The names were out of phase a bit because the initial NVLink 1.0 that debuted
with the “Pascal” P100 GPUs back in 2016 did not have a switch but rather used
a mesh interconnect to share memory across the Pascal GPUs. The names were of
the ports and switches were lockstepped with the Blackwell B300 GPUs (I think)
and going forward the chip and port generations are names in synch. Like this:

There
are many ways the NVSwitch memory fabric ASICs can be enhanced, but I think it
is safe to say that the radix – the number of ports per ASIC – is getting to be
too low and I think there is a more than even chance that Nvidia will start
thinking about not chiplets but waferscale designs for ASICs. (And might even
do that for future Groq LPUs, now that I think on it.) These would not have to
be full wafer scale, but it would mean doing away with the C2C interconnects
everywhere as well as all of the buffering that needs to be done as data moves
from one chip through the C2C interconnects and to the adjacent chips. (This
what we think secretive
networking chip startup Eridu is already working on, and Cerebras has shown
how it works well for parallel compute.)

Suffice
it to say, NVLink 6 ports on the Rubin GPUs will double to their bandwidth over
NVLink 5 ports, to 3,600 GB/sec, and they will double yet again with the Rubin
Ultra GPUs, which stands to reason given the performance doubling and the HBM4
memory bandwidth almost tripling between Rubin and Rubin Ultra.

In
the Rubin generation, the Spectrum-6 Ethernet ASICs will have co-packaged
optics, and that generation of 102.4 Tb/sec switches will also support the
scale out network needs of the Rubin Ultra systems.
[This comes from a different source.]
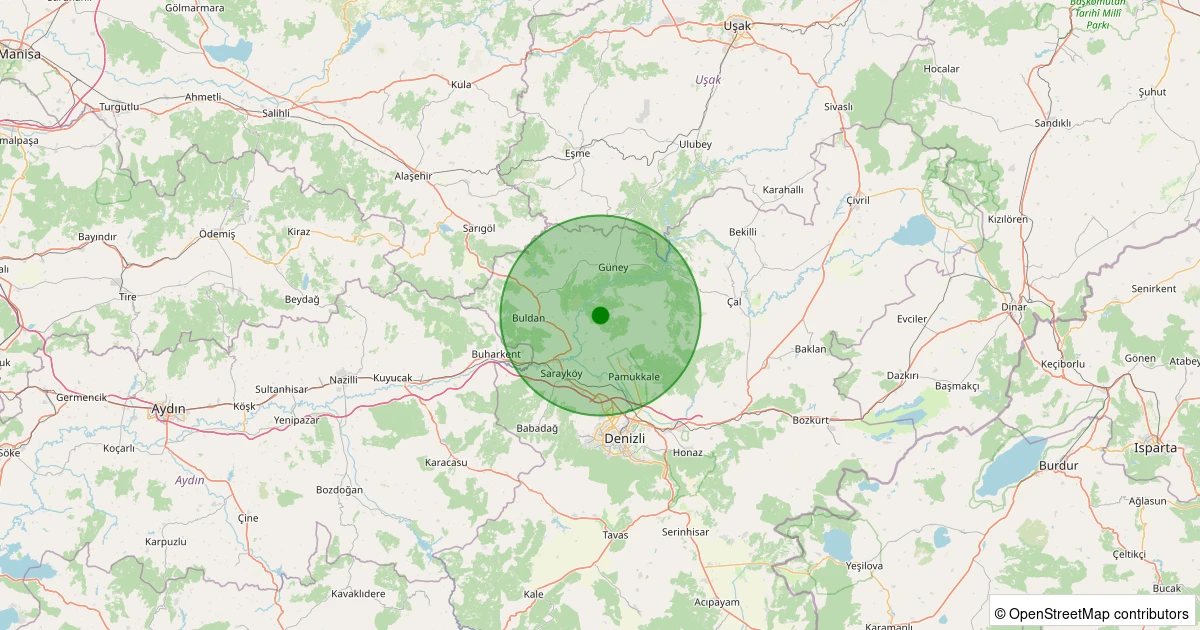 Son 7 gün içinde Pamukkale - Belenardıç Köyü noktasından 100 km yarıçap içerisinde meydana gelen diğer depremler:

The 2027 Rubin Ultra product
line will see the Groq LP35 chip get FP4 floating point processing in the NVFP4
format so it matches the precision of the Blackwell and Rubin GPUs. And with
the Groq LP40 compute engine coming in the Rosa-Feynman systems in 2028, NVLink
ports will be added so the Groq engines so they can have memory coherency with
the Rosa Arm server CPUs (named after Rosalyn Sussman Yalow, a Nobel Prize
winning medical physicist who developed the radioimmunoassay method of
detecting tiny amounts of chemicals in blood or tissue) and with the Feynman
GPUs (named after famous physicist and bongo player Richard Feynman).

You
will see in the roadmap that in 2028 Nvidia will add CPO to NVLink 8 ports and
presumably for the other end at the NVSwitch ASIC. While we are always pushing
for compute engine makers to do CPO on their devices, they can be copper on
that end with a multitier network of switch ASICs using CPO on the other side.
You do not have to have CPO on both sides. (Nvidia seems to be using NVSwitch
and NVLink loosely in this chart, so be careful.) We think that CPO for
NVSwitch is interesting because it will allow for fast, high-bandwidth, two-tier
NVSwitch networks to create larger GPU compute memory domains for models to
play in.

With
Hopper GPUs, the official scalability was eight GPUs with linked memory, but
the unofficial scalability was 256 GPUs using a two tier network. With
Blackwell, the official GPU memory domain size is 72 GPUs, but with multiple
tiers of NVSwitch, it can, in theory, be boosted to 576 GPUs. The Kyber racks,
which cram twice as many GPUs on vertical sleds and have a copper backplane,
the rackscale domain will be 144 GPUs. Eventually, with the advent of NVSwitch
8 CPO (I know the chart says NVLink 8 CPO), the single rack will remain at 144
GPUs, but across a multitier network (we think two tier, but we can’t know that
without knowing the radix of the NVSwitch 8 device) Nvidia will have a domain
size of 1,152 GPUs.

Decades
ago, Cray supercomputers had copper backplanes in the rack and optical links
coming off their routers to interlink the racks. We suspect that Nvidia will do
much the same. The rule is always: Copper when you can, optics when you must,
and that is an economic rule as much as a technical one. But, with Nvidia
accounting for such a large share of AI systems investment, if any workload can
get CPO to ramp up in volumes and therefore push down unit prices, it is GenAI
inference, and if any company can drive that effort and coordinate it across a supply
chain, it is Nvidia. One might argue that only Nvidia can make this happen, and
if it does, all systems will benefit.

The
factor of 16X more GPU sockets combined with the performance increases expected
with the Feynman GPUs – all Nvidia is saying is that it will have die stacking
and custom HBM memory with this generation of chips – will result in a massive
throughput boost for CPU-GPU hybrid systems.

If
the die stacking is just for SRAM cache (which is relatively easy to do), that
still allows for more 2D GPU cores to be added to a socket. Nvidia will
probably move to 2 nanometer processes or smaller for Feynman, which also means
a move to gate all around (GAA) transistors and the High NA EUV process, which
also means the maximum reticle size moves from 858 mm2 to 429 mm2 because the
chips can only be half as tall. So whatever Feynman is or isn’t, it will have
at least eight GPU chips in a socket compared to the four chips in a Rubin
Ultra socket and use the process shrink to add more circuitry.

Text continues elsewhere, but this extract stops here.